May be change model evaluation such as an improved Random Tree Model and have a better metric results.
-
For Linear Regression Model, the top 3 most impactful features are:
-Outlet_Type_Supermarket Type3 increased item outlet sales by 2,126.20
-Item_MRP increased item outlet sales by 965.13
-Outlet_Type_Supermarket Type1 increased item outlet sales by 737.28
-
For Decision Tree & Random Forest Models, the top 5 most important features :
-Item_MRP
-Outlet_Type_Grocery_Store
-Item_Visibility
-Outlet_Type_Supermarket Type3
-Item_Weight
Item_MRP is by far the single most important feature for predicting item outlet sales.
Outlet_Type_Grocery Store is the second most important.
Item_Visibility, Outlet_Type_Supermarket Type3, Item_Weight, are somewhat important.
Everything else is unimportant.
-
Comparing the top 5 most important features according to SHAP vs. my RandomForest Regressor:
- The top 5 most important features were the same according to Shap vs the RandomForest.
- However, the order was slightly different (Item_Visibility is 4th according to shap instead of 3rd).
-
The top 3 most important features and their effects were the following:
Item_MRP: The higher the MRP, the higher the predicted sales. Outlet_Type_Grocery Store: Being a grocery store dramatically decreased the predicted sales. Outlet_Type_Supermarket Type3: Being a supermarket type 3 dramatically increased the predicted sales.
-
The top 5 most important features according the Shap Summary Plot are :
- Item_MRP
- Outlet_Type_Grocery_Store
- Outlet_Type_Supermarket Type3
- Item_Visibility
- Item_Weight
-
Use the top features from SHAP/feature importance
- Using top features to select 2 examples outlets :
- Outlet_Type_Grocery Store : a store having low sales
- Outlet_Type_Supermarket Type3 : a store having high sales
- Create filters for each of the outlet types.
- Select Item_Visibility within each OutletType.
- Using top features to select 2 examples outlets :
- Individual Shap Force Plots
As we can see in the force plot above for example 1:
There are some features increasing the prediction such as :
- Item_Visibility
- Item_Type_Soft Drinks
- Item_Weight
- Item_MRP
Yet, there are many more features pushing the prediction in the opposite direction such as Outlet_Type_Grocery Store.
As we can see in the force plot above for example 2: While there were a bit factors decreasing the predictions.

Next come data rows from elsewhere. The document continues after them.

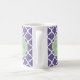 Une tasse à motif quatrefoil pourpre et coqueteuse avec un badge à coquille vert tendre que vous pouvez personnaliser en ajoutant votre nom et votre initiale monogrammée à. Il fait partie de la collection de printemps Ultra Violet et Nile Green.
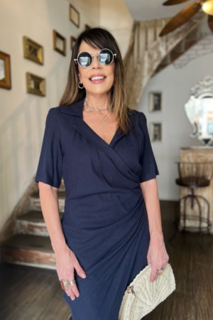 Vestido Midi Confeccionado Em Linho Misto, Decote Transpassado Com Gola Lapela, Detalhe Drapeado Na Lateral E Fechamento Lateral Por Zíper.
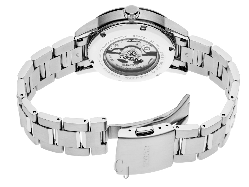 1959 Sports Watch Reinterpretation. The first Seiko sport watch — elegant, yet rugged and superbly functional — the Laurel Alpinist is reimagined in this distinctive watch, designed to celebrate the beginnings of Seiko’s rise to the forefront of high-intensity timekeeping. Styled to fit contemporary tastes while evoking a vintage feel, this exceptional watch is as smooth and refined as the prized original, but far more powerful. With the original’s mountain-shaped markers at 12, 6 and 9 ensuring legibility while referring to its mountaineering inspiration, this versatile design features a cream dial with date calendar and LumiBrite hands and markers, as well a curved sapphire crystal with anti-reflective coating on the inner surface. The 24-jewel automatic movement beats at a frequency of 21,600 vibrations per hour, with a power reserve of approximately 70 hours, and can be wound manually or automatically. Crafted of stainless steel, with screwdown crown and see-through caseback, and tri-fold push button release clasp. 20 bar, 200M Water Resistant
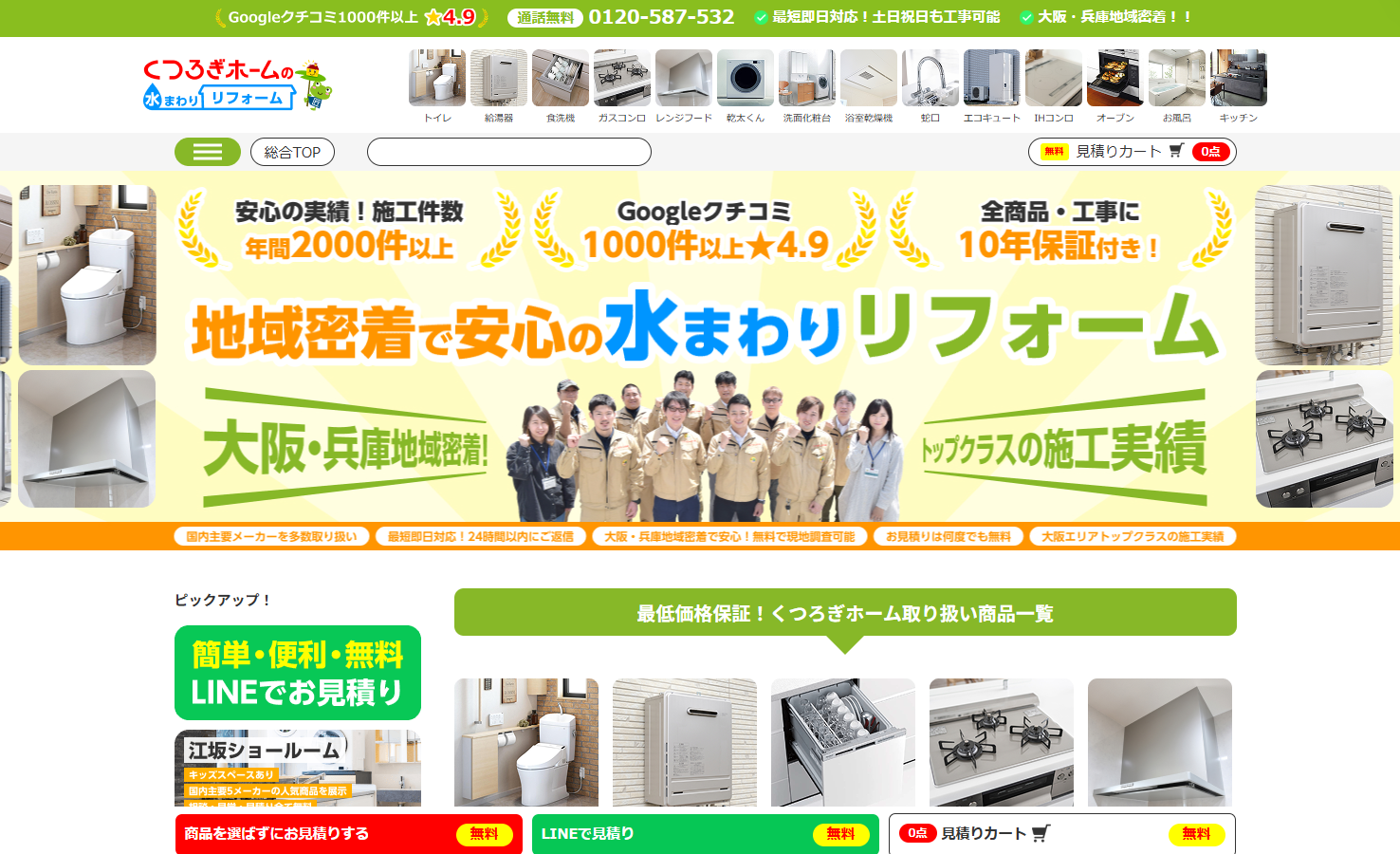 365日24時間受付で緊急時も即駆けつけ可能。見積もりは無料で、PayPayやローン払いなど柔軟な決済に対応しています。
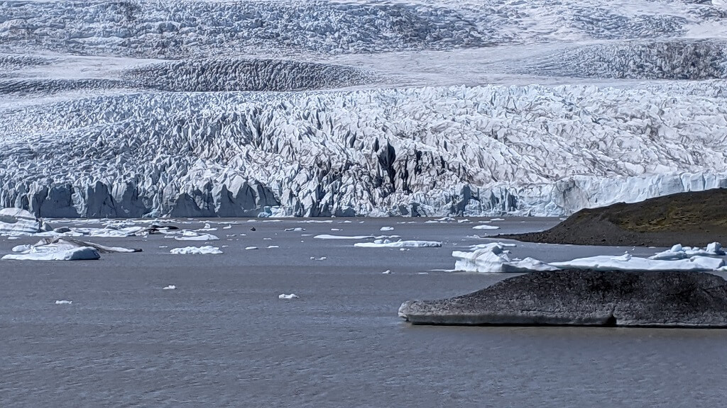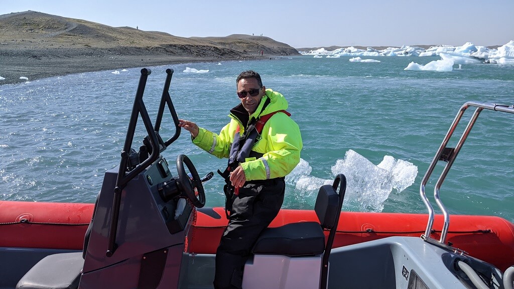 המדריך החביב שלנו חלק איתנו כל מיני סיפורים ועובדות על הלגונה. בצער רב שמענו שהלגונה הולכת וגדלה כי הקרחון הולך ומתכווץ ובעתיד הלא כל כך רחוק, ישאר שם רק פיורד. תוך כדי סיפורים התקרבנו במידת האפשר אל הקרחון עצמו. יש הגבלה על המרחק אחרי שסירות התהפכו בגלל נפילות של גושי קרח למים.
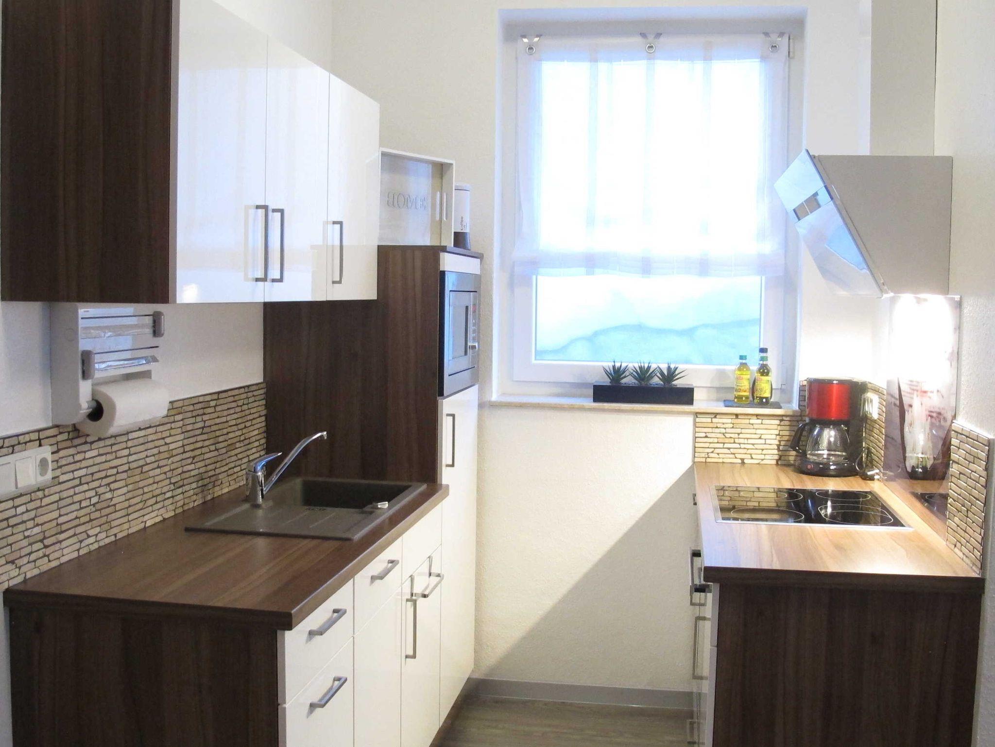 Die halboffene Küche schließt sich dem Wohnraum an und lässt keine Wünsche offen. Sie ist ausgestattet mit einem Heißluft-Backofen und 4 Platten-Ceranfeld, Einbau-Mikrowelle, Geschirrspüler, Kühlschrank mit Gefrierfach u.v.m.

There were many more features raising the prediction such as:
- Item_Type_Frozen Foods
- Item_Visibility
- Item_MRP
- Outlet_Type_Grocery Store
- Outlet_Type_Supermarket Type3
- A Lime tabular explanation
As we can see in the LIME explanation above for example 1, there were 2 factors contributing to the raising predicted sales, such as:
- Item_MRP
- Item_Type_Hard Drinks
- Outlet_Type_Supermarket Type2
The other features reduced the predicted sales.
As we can see in the LIME explanation above for example 2, there were 3 factors contributing to the decreasing predicted sales, such as:
- Outlet_Type_Grocery Store
- Outlet_Type_Supermarket Type3
- Item_MRP
- Item_Type_Starchy Foods
The other features reduced the predicted sales.